Symphonies Nos 1-3; Prelude, Fugue and Riffs for Solo Clarinet and Jazz Ensemble
Nadine Sierra (soprano), Marie-Nicole Lemieux (mezzo-soprano), Dame Josephine Barstow (narrator), Alessandro Carbonare (clarinet), Beatrice Rana (piano); Coro e Orchestra dell’Accademia Nazionale di Santa Cecilia/Antonio Pappano
Warner Classics 9029566158 112:53 mins (2 discs)
It may have been tempting in Bernstein’s centenary year to bundle his symphonies into a box set; and Antonio Pappano and his Santa Cecilia forces, both with strong Bernstein connections, tackle their assignment with enthusiasm and care. What, though, of the listener? Even with best will towards America’s legendary composer-maestro, it’s hard to view his symphonic journey as anything other than the chart of a decline. He starts at his peak in 1944 with the Jeremiah: a young man’s music, fierily Jewish in the age of the Holocaust, cogent and affecting. More piano concerto than symphony, The Age of Anxiety, inspired by Auden’s poetic study of 1940s angst, dilutes the mix while inserting jazz and pretension. The jagged, windy, brow-beating Kaddish (1963), another interrogation of faith in the modern world, further shatters symphonic form, but to no good purpose. After that hell, one lands upon the simple jazz mischief of the Prelude, Fugue and Riffs with immense relief.

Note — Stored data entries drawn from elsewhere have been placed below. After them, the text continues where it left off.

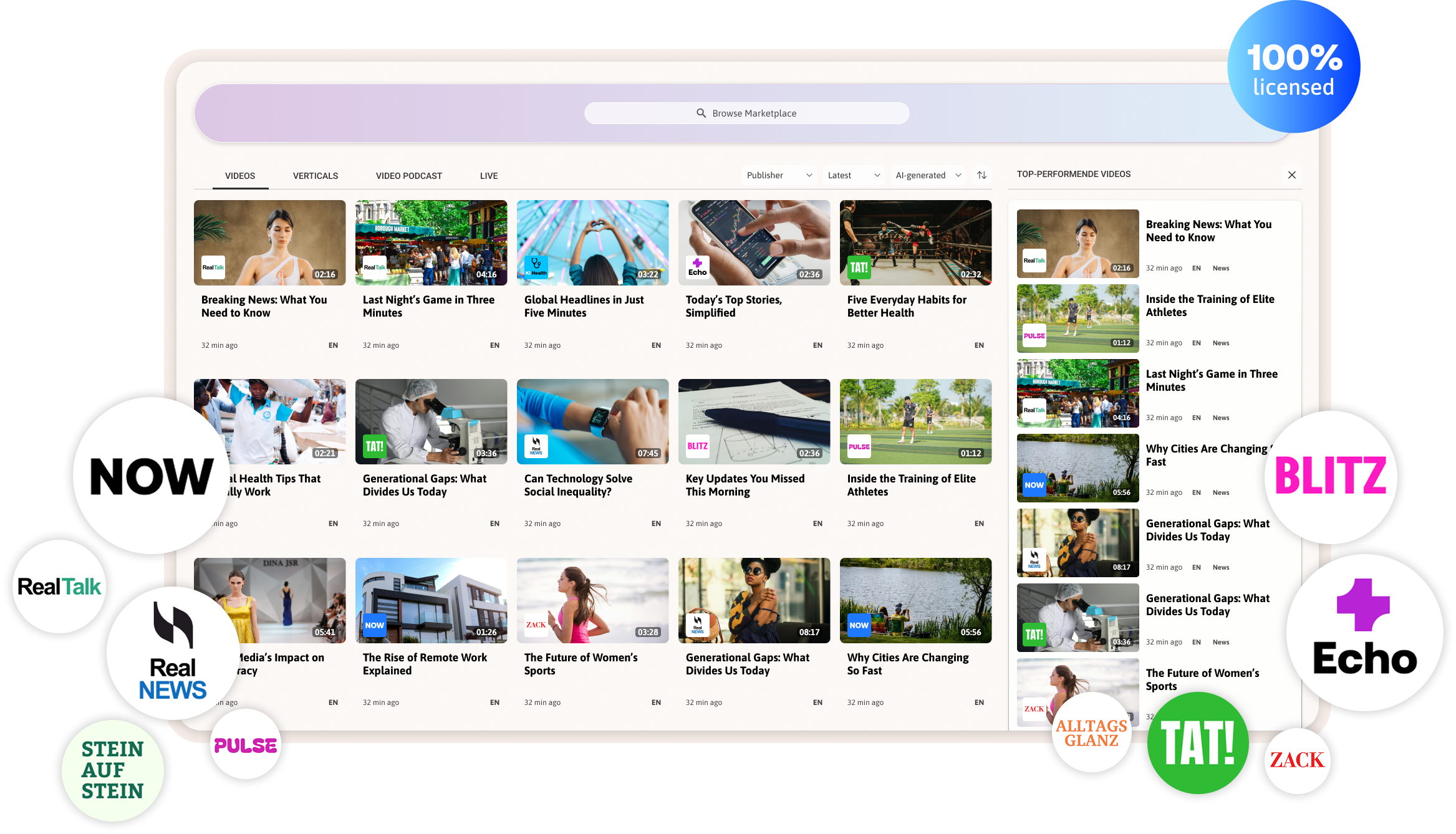 SuperNext connects publishers to a curated video content marketplace. Find, license, and monetize high-quality videos that fit your audience—ready to use, no production costs, no upfront investment.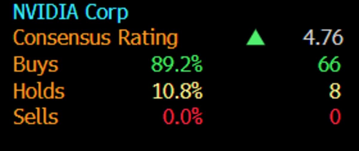 C’è trepidante attesa per gli utili di Nvidia, che saranno comunicati dopo la chiusura dei mercati questa sera. La tabella di Bloomberg mostra tra gli analisti che coprono il titolo nessuno ne consiglia la vendita, il resto ne consiglia l’acquisto (89,2%) o il mantenimento. Tutti dalla stessa parte della barca. – Nvidia Consensus rating. All on one side of the boat.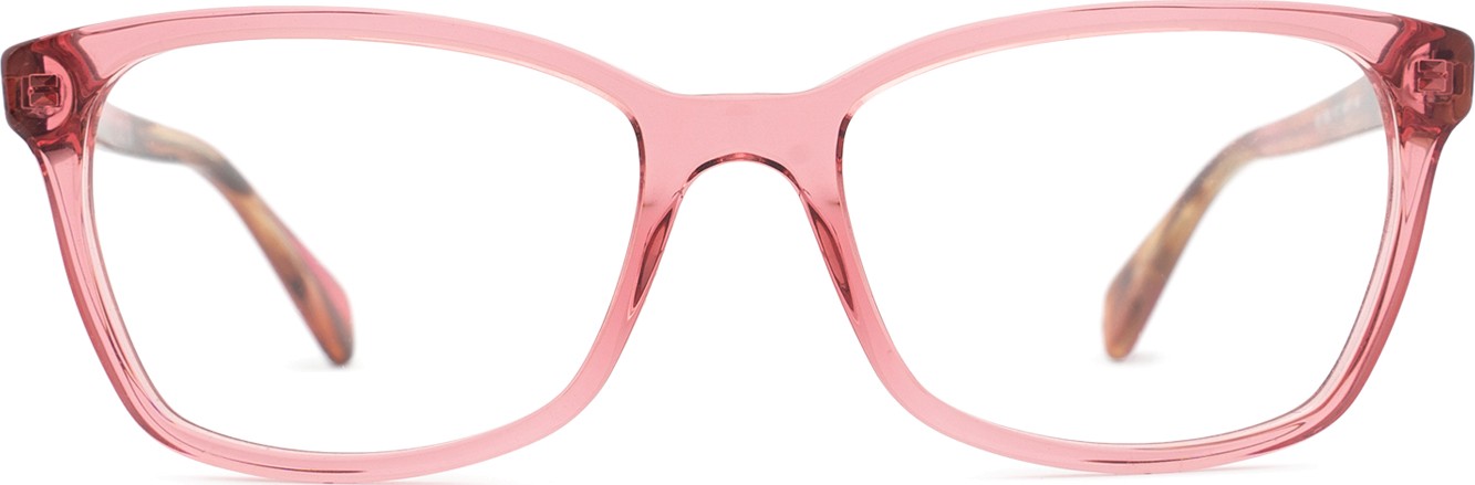 - A cor rosa da armação combina perfeitamente com um tom de pele claro e um cabelo castanho ou loiro claro.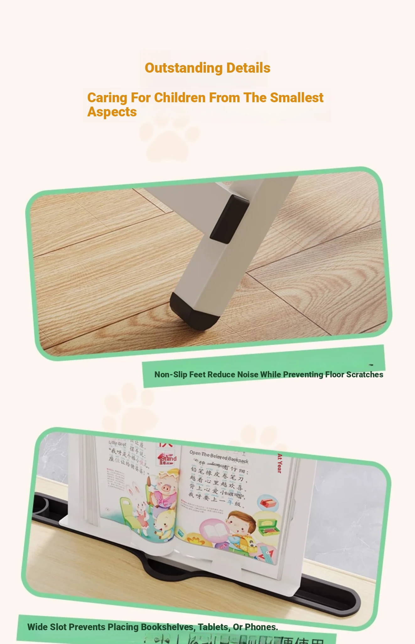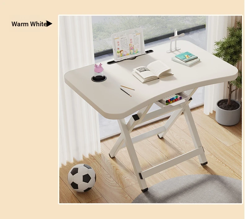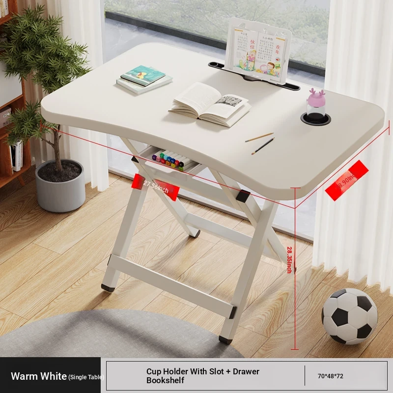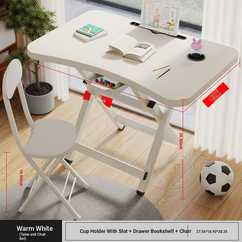 [Table and Chair combination] warm white 70_48_72 (card slot cup holder + drawer bookshelf) stool height 16.93in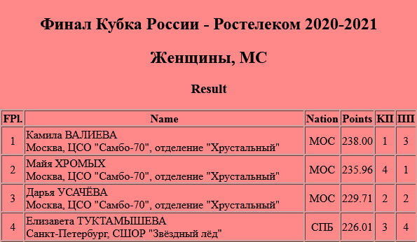 Табло: https://fsrussia.ru/results/2021/cor2021_final/index.htm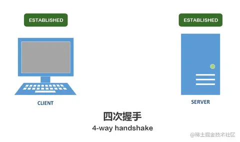 你可以看到,每个方向都需要一个 FIN 和一个 ACK,因此通常被称为四次挥手。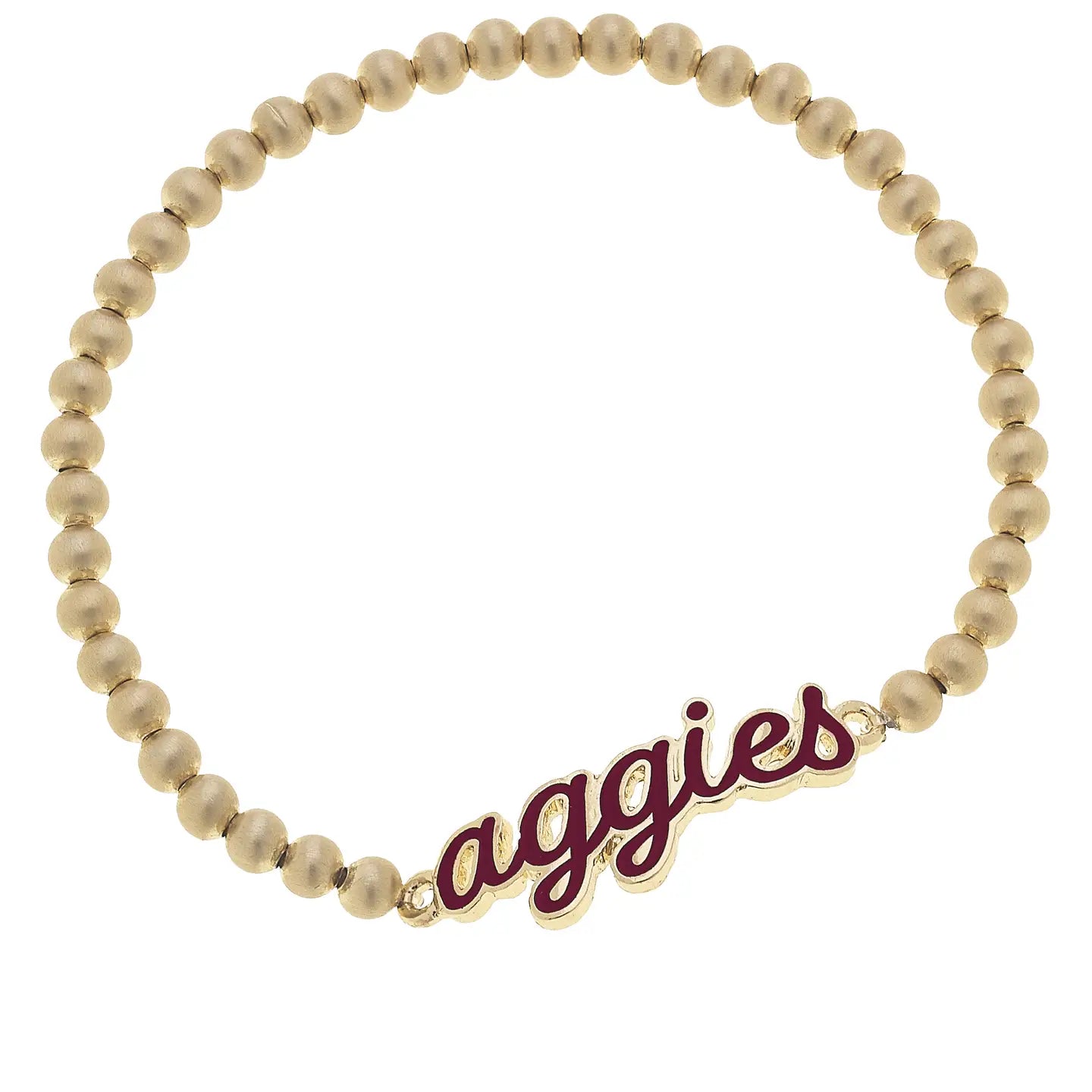 Cheer on your school with this versatile Texas A&M Aggies Enamel Script Stretch Bracelet in Maroon & Satin Gold! DETAILS: * Base Metal with Satin Gold Plating * Enamel Material * Stretch - One Size Fits Most * NCAA Officially Licensed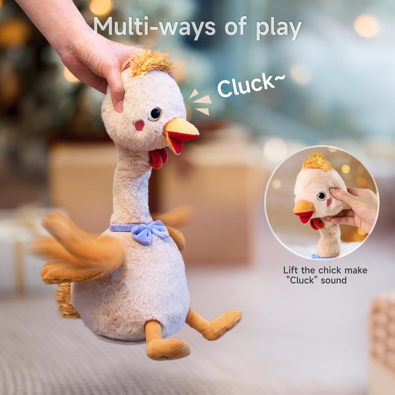 لعبة فروية رائعة على شكل دجاجة صفراء تتميز بوظائف تفاعلية للرقص والغناء والتحدث مع حركات رفرفة الأجنحة وتحريك الرقبة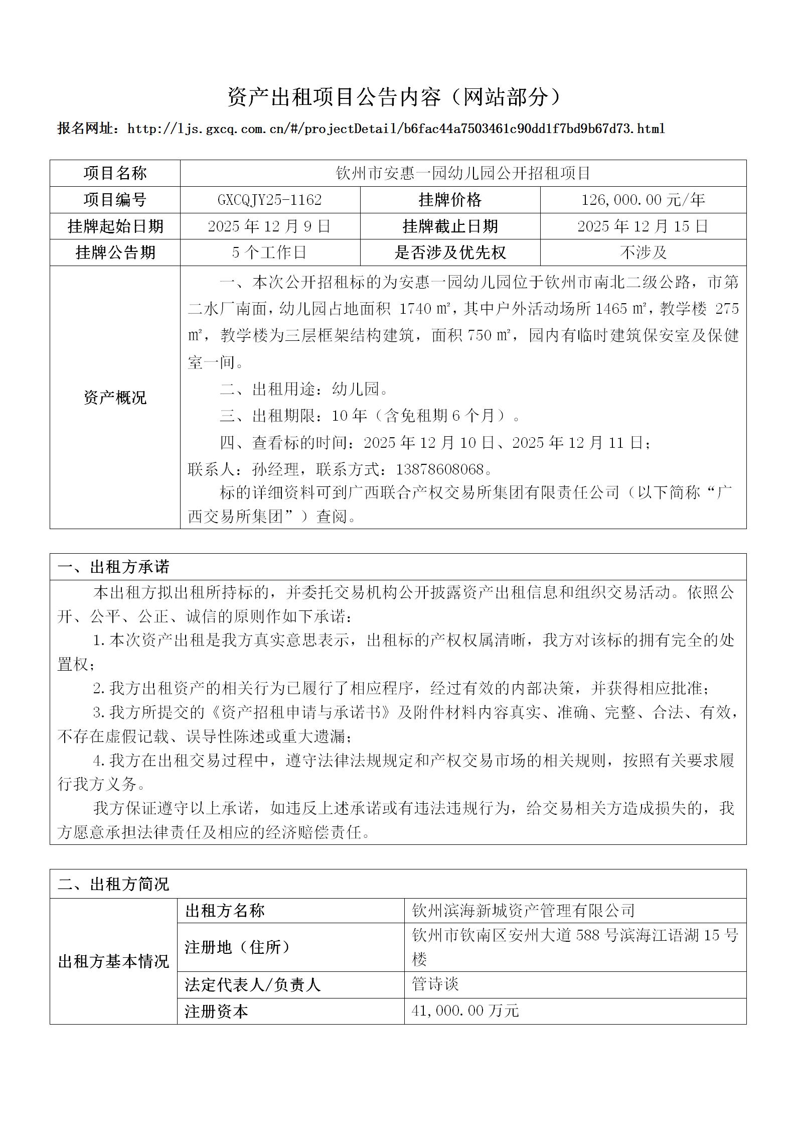 欽州市安惠一園幼兒園資產(chǎn)出租項(xiàng)目公告內(nèi)容(公共資源)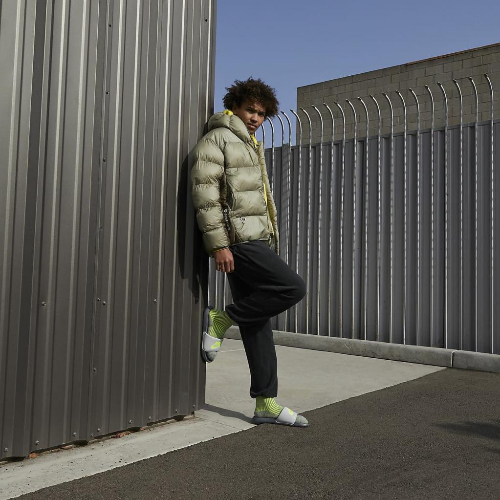 Nike Victori One perfektionerer et klassisk musthave-design, der er perfekt fra alt til stranden til de billige langsider. Den giver letvægtskomfort, der er nem at have på, og er opdateret med et blødere, mere responsivt skum. Det konturerede grebsmønster hjælper med at holde din fod på plads, mens den nye, polstrede strop føles lige så god, som den ser ud.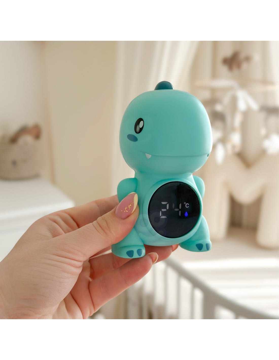 Ta večfunkcijski termometer je enostaven za uporabo in se popolnoma prilega vsakodnevnim rutinam, kot so kopanje ali preverjanje temperature prostora, kar ga naredi nepogrešljivega v otroški opremi.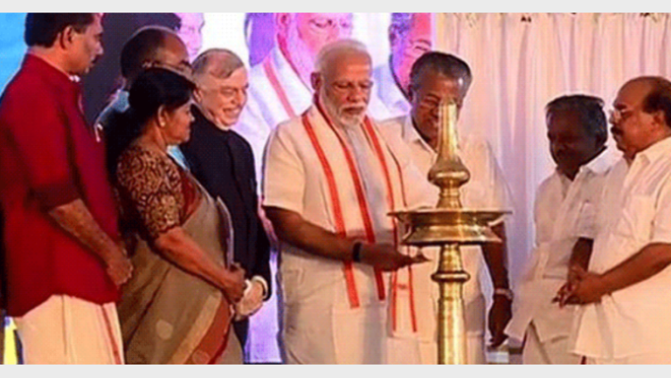 ചടങ്ങിൽ മുഖ്യമന്ത്രി അദ്ധ്യക്ഷത വഹിച്ചു. വൈകിട്ട് 4 മണിയോടെ തിരുവനന്തപുരത്ത് വ്യോമസേനാ ടെക്നിക്കല് ഏരിയയിലാണ് അദ്ദേഹം എത്തിയത്. തുടര്ന്ന് പ്രത്യേക ഹെലികോപ്റ്റര് വഴിയാണ് കൊല്ലത്ത് എത്തിയത്. 7.15നു സ്വദേശ് ദര്ശന് പദ്ധതിയുടെ ഉദ്ഘാടനം നിര്വ്വഹിച്ച ശേഷം മോദി ശ്രീ പത്മനാഭ സ്വാമിക്ഷേത്രത്തില് ദര്ശനം നടത്തും.

The set’s considerable saving grace lies in the electric spark of Pappano’s live performances and the soloists’ star turns. Beatrice Rana glitters away at the piano as the observer of inner turmoil in Anxiety; Josephine Barstow makes an excellent fist of Bernstein’s often embarrassing Kaddish narration; while soprano Marie-Nicole Lemieux is all Hebrew soul (plus considerable vibrato) in Jeremiah. But the lynchpin remains Pappano, who enhances whatever is genuinely lyrical, tones down the bombast, and tries to ignore the bathos. Some balance issues in Anxiety aside, these must be the symphonies’ most accomplished recordings.